Calculus and reasoning: If a^2+b^2+c^2+abc=4, show that

[jjm5119]

Using calculus and reasoning prove how, step by step, the following is true.

a, b, and c are >= 0

If a^2 + b^2 + c^2 +abc = 4 show that ab + bc + ac - abc <= 2

This is a calc 3 problem, vectors and planes in spaces, so i'm thinking i have to find the plane for the first equation and then show relationships to the other inequality. Basically, I'm pretty much lost and have no clue where to start. Any help is appreciated.

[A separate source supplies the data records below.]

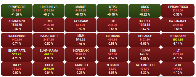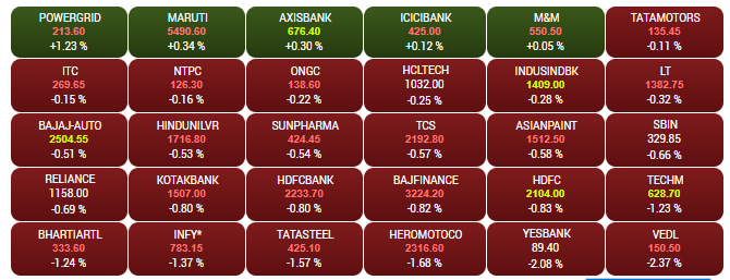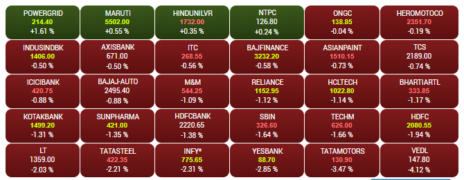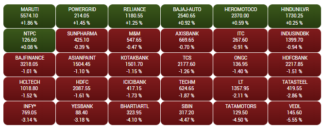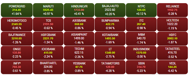 After opening lower, the headline indices Sensex and Nifty extended losses in the late morning trade on Thursday, tracking global markets sell-off. The Sensex is down 615 points to 36,865.50 while the Nifty is trading below the 11,000-mark. Zee Entertainment shares slumped by more than 6.3% to Rs 336 after the firm announced that after Oppenheimer Development fund agreed to pick up 11 per cent of promoter stake in the firm for Rs 4,224 crore. A look at LIVE Sensex heatmap.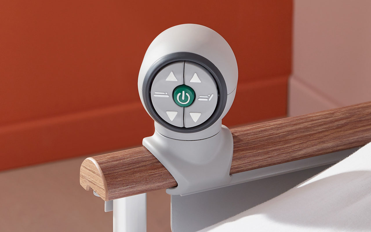 Ein ergonomischer, kabelloser Bediensatellit zur Bettensteuerung ist der SafeLift von Wissner-Bosserhoff. Der Mobilisationsassistent kommuniziert über EnOcean-Funktechnologie mit der Technik des Bettes.
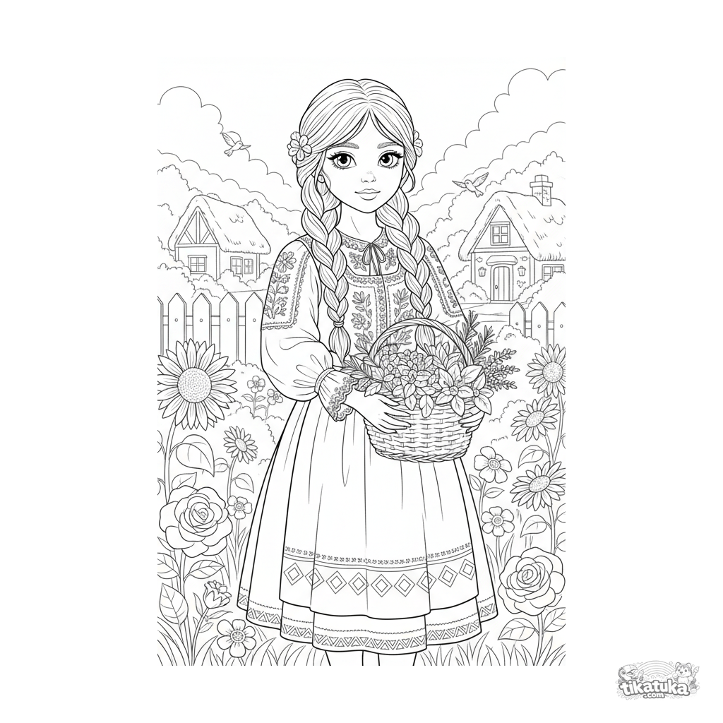 Coloring page for girls 10-12: a girl in a detailed folk costume with intricate embroidery stands in a cottage garden holding a basket of herbs, rich in cultural details.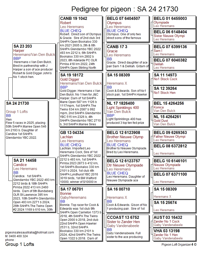 Lot 18: SA 24 21730 BBH- Flew 5 races in 2025, placing 50th SAHPA Marree Open 546 km 2193 b. Dropped end flight so unable to send to Coober Pedy Open.  Daughter of Candice 1st SAHPA Glendambo YBC 2022 & G/dtr of No 1 pair Lachlan & Bonnie. Sire is Harper,  Heremans x Van Den Bulck. Bred in partnership with J Harper a son of ace producer Robert & Gold Digger John's No 1 stock hen. Dam is Candice. 1st SAHPA Glendambo YBC 2022 493 km 2212 birds & 18th SAHPA Pimba 2022 413 km 2460 birds. Dam of 6th Bundaberg OLR St Lawrence 395 km 2023, 10th SAHPA Glendambo Open 493 km 2271 b 2024, 26th SAHPA The Twins Open #2 2024 1169 b 610 km, 30th SAHPA Glendambo YBC 2023 2710 b 493 km. Daughter of No 1 Pair Lachlan & Bonnie, who have produced 3 x 1st SAHPA winners. Outstanding young hen.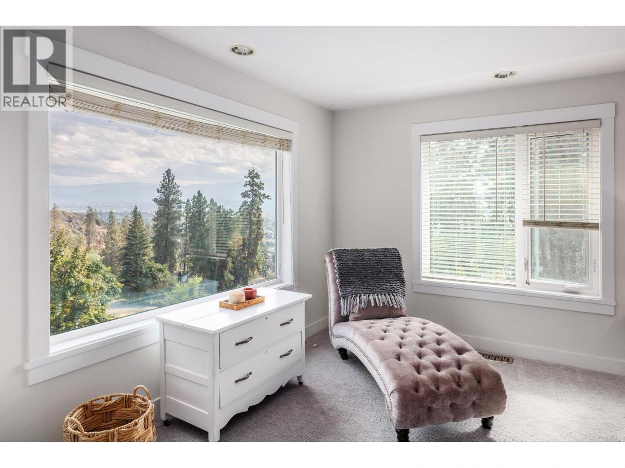 VIEWS/4879 SQ FT/2 HOUSES in 1. Unique and one of a kind home in the desirable Knox Mountain neighbourhood! Discover this character home tucked away at the end of a private cul-de-sac and offering breath taking views from all directions. This 4,879 sqft residence masterfully blends sophisticated living with a serene, secluded setting. Featuring 2 kitchens, 6 bedrooms, and 5 bathrooms, there is abundant space for your large family or guests, while a separate, fully equipped suite is perfect for generational living or an excellent income opportunity or a private retreat for visitors. Inside, an inviting open floor plan with 2 wood and 2 gas fireplaces to create the perfect atmosphere for relaxed evenings. Step outside to your private oasis with a fully fenced yard and an expansive deck that has a beautiful view of the cliff face, ideal for summer BBQs and soaking in the breathtaking panoramic lake views. The backyard is a gardeners dream with fruit trees, mature landscaping, perennials and a cozy stone fire pit area for entertaining friends and family. This prime location provides the best of both worlds—peaceful suburban living with easy access to adventure. You're just minutes from Knox Mountain's renowned hiking and biking trails and a short drive to the vibrant shops, restaurants, and recreation of downtown Kelowna. Thoughtfully renovated and brimming with charm, this rare find perfectly balances modern comfort with timeless charm. (id:6769)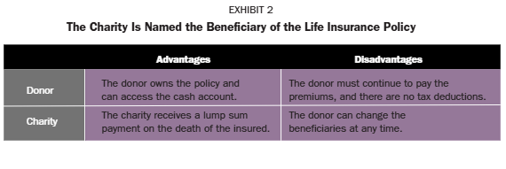 Option 1: The charity is named the beneficiary of the life insurance policy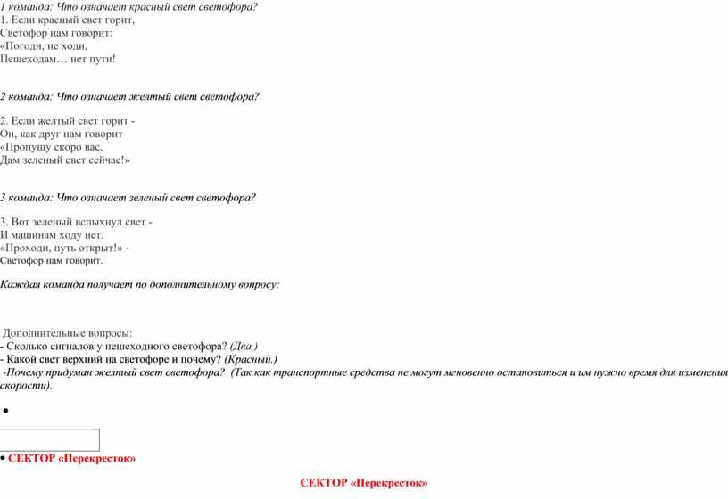 Дополнительные вопросы: - Сколько сигналов у пешеходного светофора? (Два.) - Какой свет верхний на светофоре и почему? (Красный.) -Почему придуман желтый свет светофора? (Так как транспортные средства не могут мгновенно остановиться и им нужно время для изменения скорости).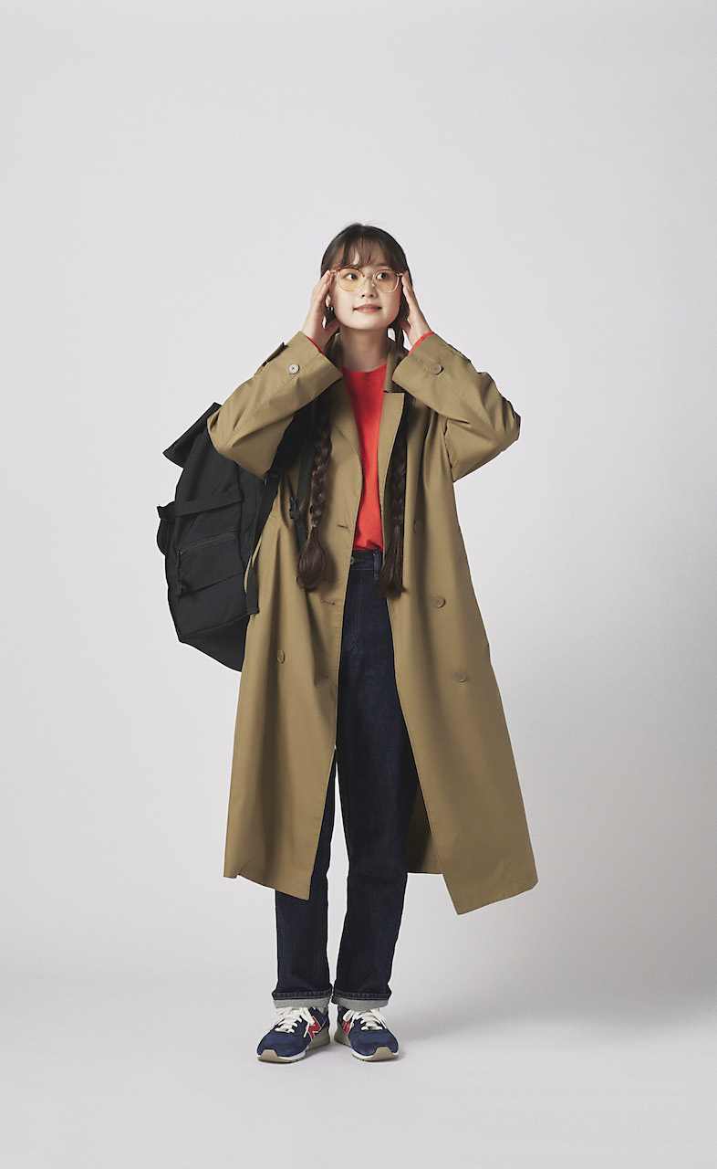 秋も春も人気のトレンチコートには、春らしいオレンジカラーをはさんで華やかさを纏って。カジュアルなバックパックやスニーカーでボーイッシュに仕上げるとラフな雰囲気がアップ。

Thanks.

 

[pka]

As you can see, the problem as stated is false.
\(\displaystyle \L \begin{array}{l}
a = \sqrt 2 \,,\,b = 1\,\& \,c = 1 \\
a^2 + b^2 + c^2 = 4 \\
ab + bc + ac - abc = \sqrt 2 + 1 > 2 \\
\end{array}\)

 

[jjm5119]

Made a mistake, first equation is suppose to be a^2 + b^2 + c^2 +abc = 4

 

[Deleted member 4993]

Duplicate post

http://mathgoodies.com/forums/topic.asp?TOPIC_ID=33044

 

[jjm5119]

am i not allowed to do that to try and get more answers?

 

[Deleted member 4993]

This is just to warn the tutors of existence of the other post - so that they do not duplicate their effort.